PROBLEM REQUIREMENTS ▸
Retype, without pictures, the line holding "House of 150" and each line below it through the final line.

───── RECORDED INFORMATION ─────

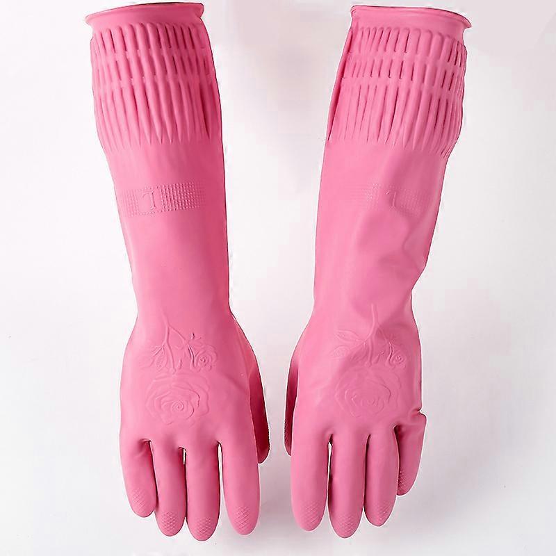 ZK-Rubber Waterproof Kitchen Dishwashing Cleaning Household Gloves 2 Pairs (Pink)
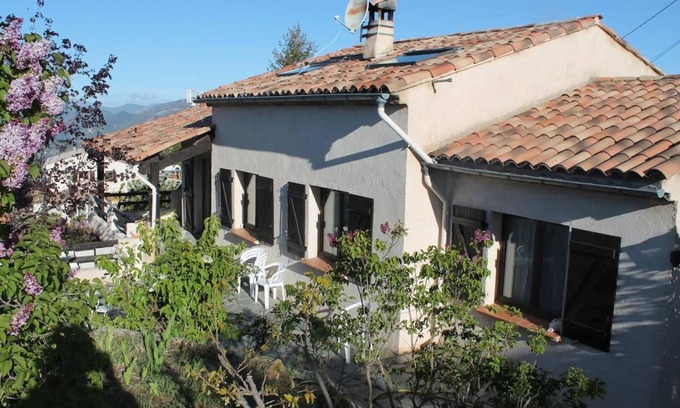 House of 150 m2 on two levels. Ground floor : * Entrance hall, fully equipped kitchen opening onto a dining area. Living room with a beautiful cast iron fireplace for evening fires. * Two bedrooms with double beds. * A bathroom, toilet. * A bathroom, toilet. At 1st level: * Two other bedrooms for 2 people each * A bathroom with toilet. For your comfort, the beds will be made, sheets and towels provided. Large terrace with barbecue where grilling will be within your reach. Ground. Free provision of a ping-pong table and bicycles. Including charges. Optional end-of-stay cleaning on request. Country house perched on a python with a breathtaking 360° view over all the Mercantour mountain ranges to the sea. This large house is located in a green park of 2500 m² ideal for a quiet stay. Entrevaux Citadel, Cians de Daluis gorges, Valberg 40 minutes, and 1 hour from Nice.
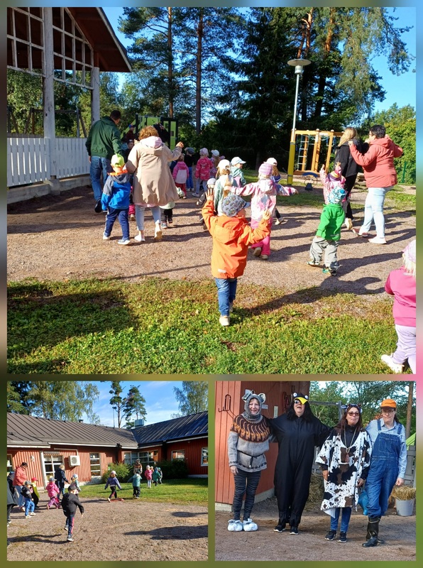 HÀmÀhÀkki oli kudonnut niin hienoja verkkoja metsÀssÀ. Maisteltiin mustikoita ja puolukoita. Laulettiin hÀmÀhÀkki laulu ja Karhu nukkuu. Jotain pientÀ ruskaa on jo havaittavissa.

─────

RESPONSE BOX ▸
 House of 150 m2 on two levels. Ground floor : * Entrance hall, fully equipped kitchen opening onto a dining area. Living room with a beautiful cast iron fireplace for evening fires. * Two bedrooms with double beds. * A bathroom, toilet. * A bathroom, toilet. At 1st level: * Two other bedrooms for 2 people each * A bathroom with toilet. For your comfort, the beds will be made, sheets and towels provided. Large terrace with barbecue where grilling will be within your reach. Ground. Free provision of a ping-pong table and bicycles. Including charges. Optional end-of-stay cleaning on request. Country house perched on a python with a breathtaking 360° view over all the Mercantour mountain ranges to the sea. This large house is located in a green park of 2500 m² ideal for a quiet stay. Entrevaux Citadel, Cians de Daluis gorges, Valberg 40 minutes, and 1 hour from Nice.
 HÀmÀhÀkki oli kudonnut niin hienoja verkkoja metsÀssÀ. Maisteltiin mustikoita ja puolukoita. Laulettiin hÀmÀhÀkki laulu ja Karhu nukkuu. Jotain pientÀ ruskaa on jo havaittavissa.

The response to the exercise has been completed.